▸ **Provided data**
* * * *

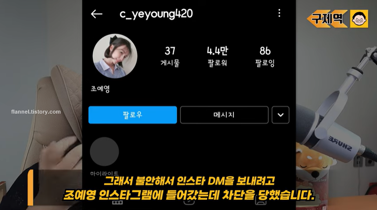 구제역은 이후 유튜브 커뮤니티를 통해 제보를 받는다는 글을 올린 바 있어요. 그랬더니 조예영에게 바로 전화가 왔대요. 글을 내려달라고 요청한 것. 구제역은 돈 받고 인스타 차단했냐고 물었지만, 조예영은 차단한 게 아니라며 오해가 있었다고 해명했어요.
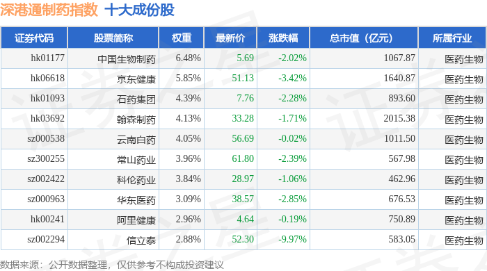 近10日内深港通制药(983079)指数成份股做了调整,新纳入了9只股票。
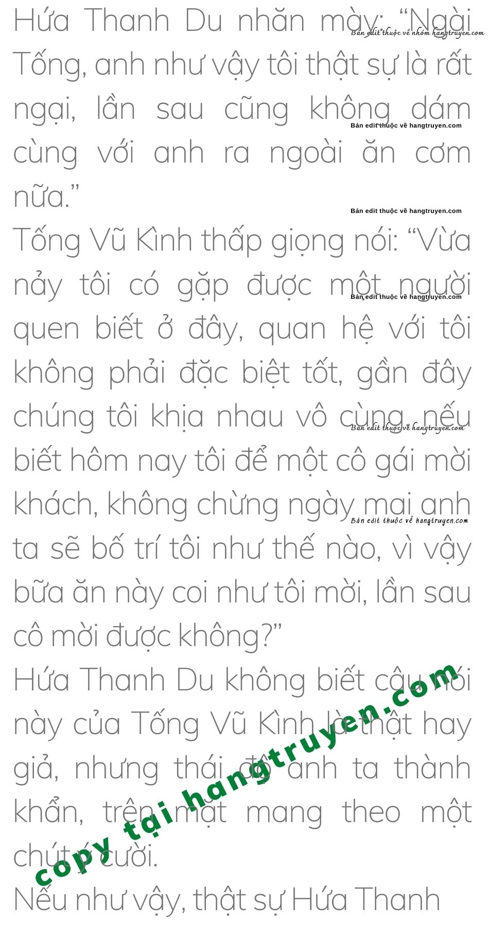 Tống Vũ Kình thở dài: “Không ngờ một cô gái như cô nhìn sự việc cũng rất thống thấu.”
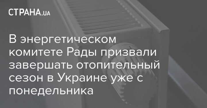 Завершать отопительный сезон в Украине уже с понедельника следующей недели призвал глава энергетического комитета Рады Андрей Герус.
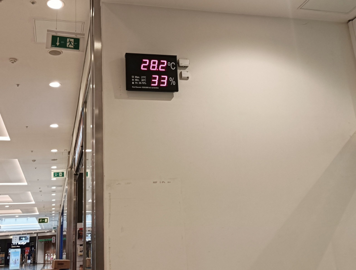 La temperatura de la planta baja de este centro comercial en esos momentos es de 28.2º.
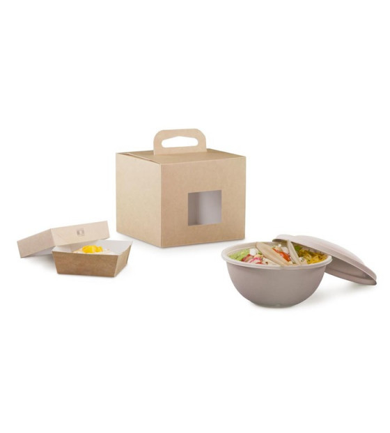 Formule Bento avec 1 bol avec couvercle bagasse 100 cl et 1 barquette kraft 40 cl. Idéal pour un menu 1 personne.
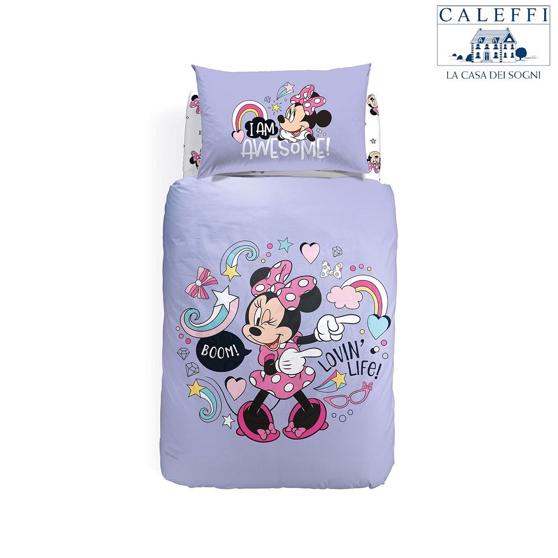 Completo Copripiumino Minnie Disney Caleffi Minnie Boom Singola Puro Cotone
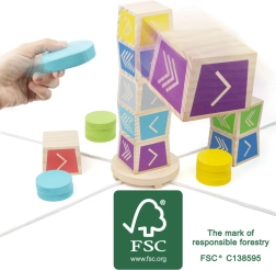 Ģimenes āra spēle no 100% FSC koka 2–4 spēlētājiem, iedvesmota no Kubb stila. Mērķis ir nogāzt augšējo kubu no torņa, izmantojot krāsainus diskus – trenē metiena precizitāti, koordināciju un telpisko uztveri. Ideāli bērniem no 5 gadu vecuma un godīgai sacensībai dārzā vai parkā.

* * * *

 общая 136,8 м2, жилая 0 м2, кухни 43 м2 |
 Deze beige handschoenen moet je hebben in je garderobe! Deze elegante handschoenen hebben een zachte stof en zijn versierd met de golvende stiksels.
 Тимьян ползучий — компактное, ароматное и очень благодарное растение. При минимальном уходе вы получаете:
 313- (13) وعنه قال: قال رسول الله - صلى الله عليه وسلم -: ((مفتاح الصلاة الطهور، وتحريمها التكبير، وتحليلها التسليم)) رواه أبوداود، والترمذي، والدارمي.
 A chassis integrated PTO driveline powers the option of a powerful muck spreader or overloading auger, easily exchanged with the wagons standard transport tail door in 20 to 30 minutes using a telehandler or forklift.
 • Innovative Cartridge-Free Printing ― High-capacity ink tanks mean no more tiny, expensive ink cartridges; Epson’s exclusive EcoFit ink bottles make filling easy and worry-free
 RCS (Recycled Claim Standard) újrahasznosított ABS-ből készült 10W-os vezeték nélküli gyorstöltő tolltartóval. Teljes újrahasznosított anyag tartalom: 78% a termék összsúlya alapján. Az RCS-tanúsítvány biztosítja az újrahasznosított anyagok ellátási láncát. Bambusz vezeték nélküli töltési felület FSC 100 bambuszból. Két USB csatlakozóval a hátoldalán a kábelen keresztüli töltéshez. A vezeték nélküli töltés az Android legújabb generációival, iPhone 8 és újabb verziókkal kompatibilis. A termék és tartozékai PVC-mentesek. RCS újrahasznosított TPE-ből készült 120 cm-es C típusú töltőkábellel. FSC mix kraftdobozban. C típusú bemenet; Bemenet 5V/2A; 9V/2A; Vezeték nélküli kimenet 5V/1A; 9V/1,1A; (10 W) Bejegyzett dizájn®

* * * *

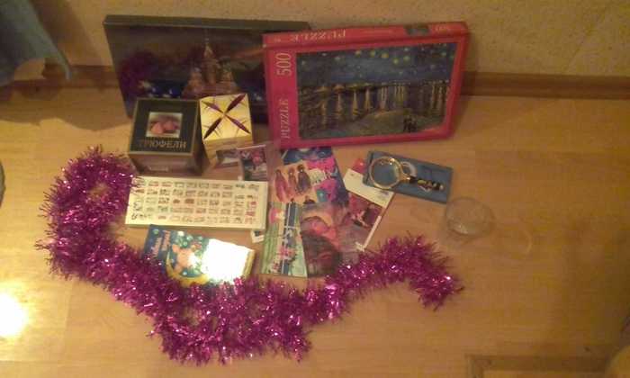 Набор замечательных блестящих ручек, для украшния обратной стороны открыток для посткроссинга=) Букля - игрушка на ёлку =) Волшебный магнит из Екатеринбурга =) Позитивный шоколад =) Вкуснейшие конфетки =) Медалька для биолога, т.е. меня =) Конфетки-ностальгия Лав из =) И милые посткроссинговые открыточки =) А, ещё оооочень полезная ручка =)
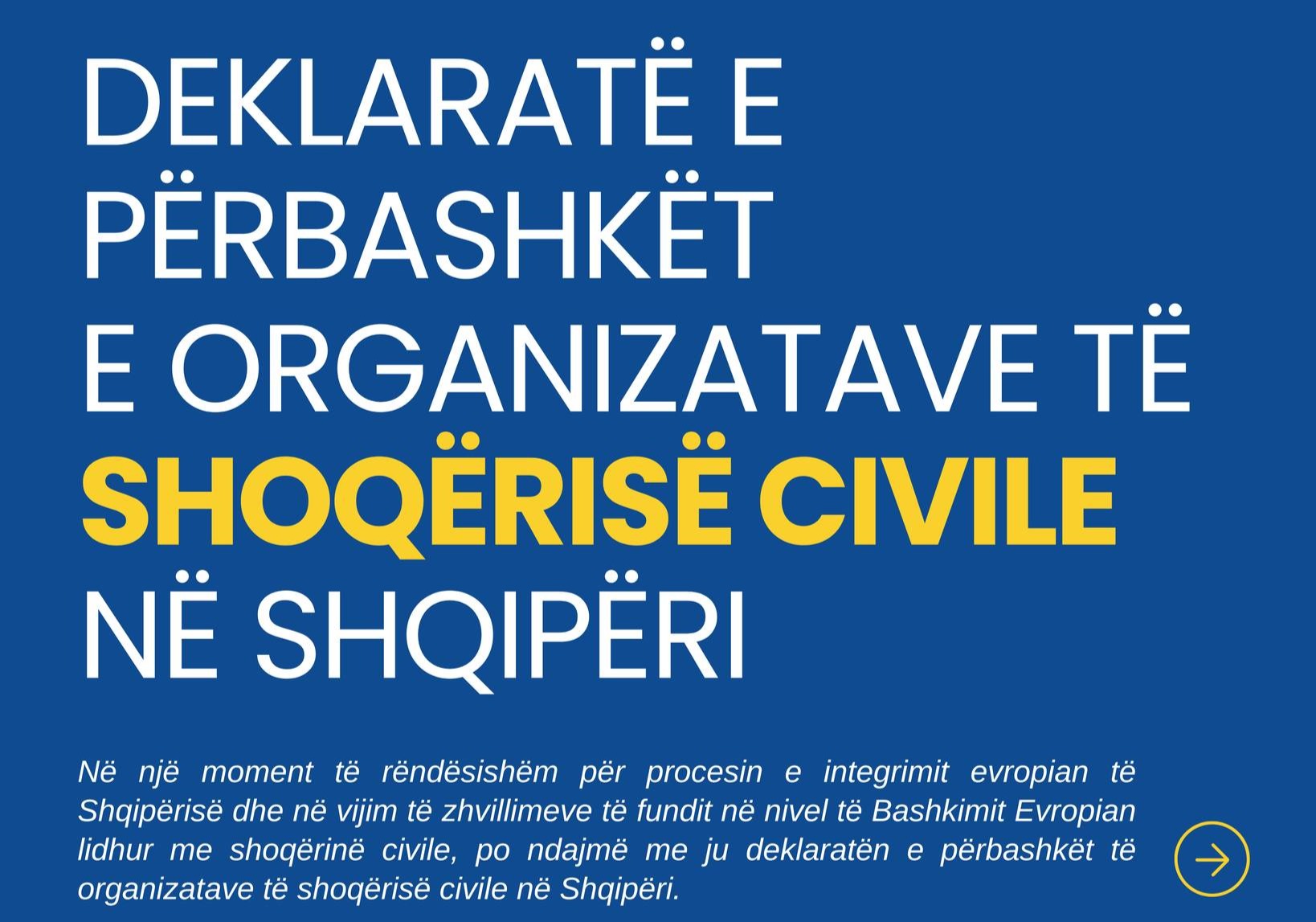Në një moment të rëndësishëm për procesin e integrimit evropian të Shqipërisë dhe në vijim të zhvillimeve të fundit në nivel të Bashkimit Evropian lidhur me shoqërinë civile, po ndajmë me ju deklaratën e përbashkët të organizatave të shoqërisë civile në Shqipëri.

* * * *

▸ **Problem details**
Reproduce word for word the material above, starting with the line that has "Deze beige handschoenen" and stopping after the line that has "easy and worry-free".

▸ **Solution for this exercise**
 Deze beige handschoenen moet je hebben in je garderobe! Deze elegante handschoenen hebben een zachte stof en zijn versierd met de golvende stiksels.
 Тимьян ползучий — компактное, ароматное и очень благодарное растение. При минимальном уходе вы получаете:
 313- (13) وعنه قال: قال رسول الله - صلى الله عليه وسلم -: ((مفتاح الصلاة الطهور، وتحريمها التكبير، وتحليلها التسليم)) رواه أبوداود، والترمذي، والدارمي.
 A chassis integrated PTO driveline powers the option of a powerful muck spreader or overloading auger, easily exchanged with the wagons standard transport tail door in 20 to 30 minutes using a telehandler or forklift.
 • Innovative Cartridge-Free Printing ― High-capacity ink tanks mean no more tiny, expensive ink cartridges; Epson’s exclusive EcoFit ink bottles make filling easy and worry-free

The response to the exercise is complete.